UK Parliament / Open data

Pension Schemes Bill [HL]

Proceeding contribution from Baroness Drake (Labour) in the House of Lords on Wednesday, 26 February 2020. It occurred during Debate on bills and Committee proceeding on Pension Schemes Bill [HL].

My Lords, this is the first chance Parliament has had to scrutinise this major project. I am not asking for the project to be rushed. I am the last person who would want to set up MaPS or the DWP to fail. I wish them well and to succeed. I do not have a negative view, but I want this project to work.

The Minister gave assurances that there will be a public dashboard, but it is not in the Bill. I could cite various previous occasions when Ministers made assurances about things but they did not materialise. If we accept, which I do, the sincerity with which the Minister has committed to there being a publicly owned dashboard, I see no reason why a little amendment to the Bill could not capture that assurance, so that the next Secretary of State does not change their mind.

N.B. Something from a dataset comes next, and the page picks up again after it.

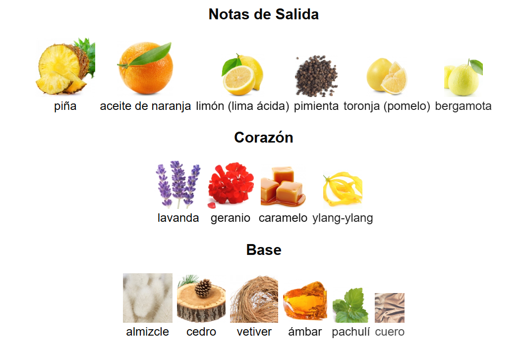 Notas de salida: piña, aceite de naranja, limón (lima ácida), pimienta, toronja (pomelo) y bergamota

On the ownership of the dashboard, I was actually rather worried—not reassured—by one comment the Minister made. He said that ownership in the long term, with a whole series of unknowns about how things will develop, is something that will need to be considered. That may be true; however, given those unknowns and that we do not know how policy will develop, the delegated powers in this Bill should not take to themselves the ability to make fundamental changes to the ownership of the dashboard. Because it is of such significance, that issue should come back to Parliament. Does the Minister accept that point?

7.30 pm

I accept that some people may prefer to use their own provider’s dashboard: I can see situations where one would, if there is a high level of trust. However, I hope the Minister will accept that there is equally strong evidence that consumers want access to a public dashboard outside the commercial environment. Does he accept, equally, that the general public seek this?

This will not work unless the schemes release their data. I do not go behind that but accept it as something that has to be done for a dashboard to work. They are entitled to a level of confidence about the protection of that data and the liability when it is released. In the documents that we have, the state has protected itself: it has reserved that it may not release state data onto the dashboard. I do not want to go behind that. However, if the state is not confident at a given point in time to release its data for whatever reason, one has to ask why it is okay to mandate private schemes, since they will ask that question too. Does the Minister accept that that will be one of the concerns?

I was not trying to over-select—or select at all, in that sense—the Constitution Committee’s comments, and I accept that there is a need for flexibility in the momentum when building the architecture. However, that is different from having open-ended delegated powers on all matters of policy that might emerge on market and consumer behaviour.

In his comments, the Minister said that the dashboard would start with limited functionality, which is reassuring—that is the sort of comment I like to hear. However, on my next amendment I want to address where that functionality moves on. The delegated powers allow it to move on and there are no protections in the Bill for when the functionality extends beyond the collection and display of information.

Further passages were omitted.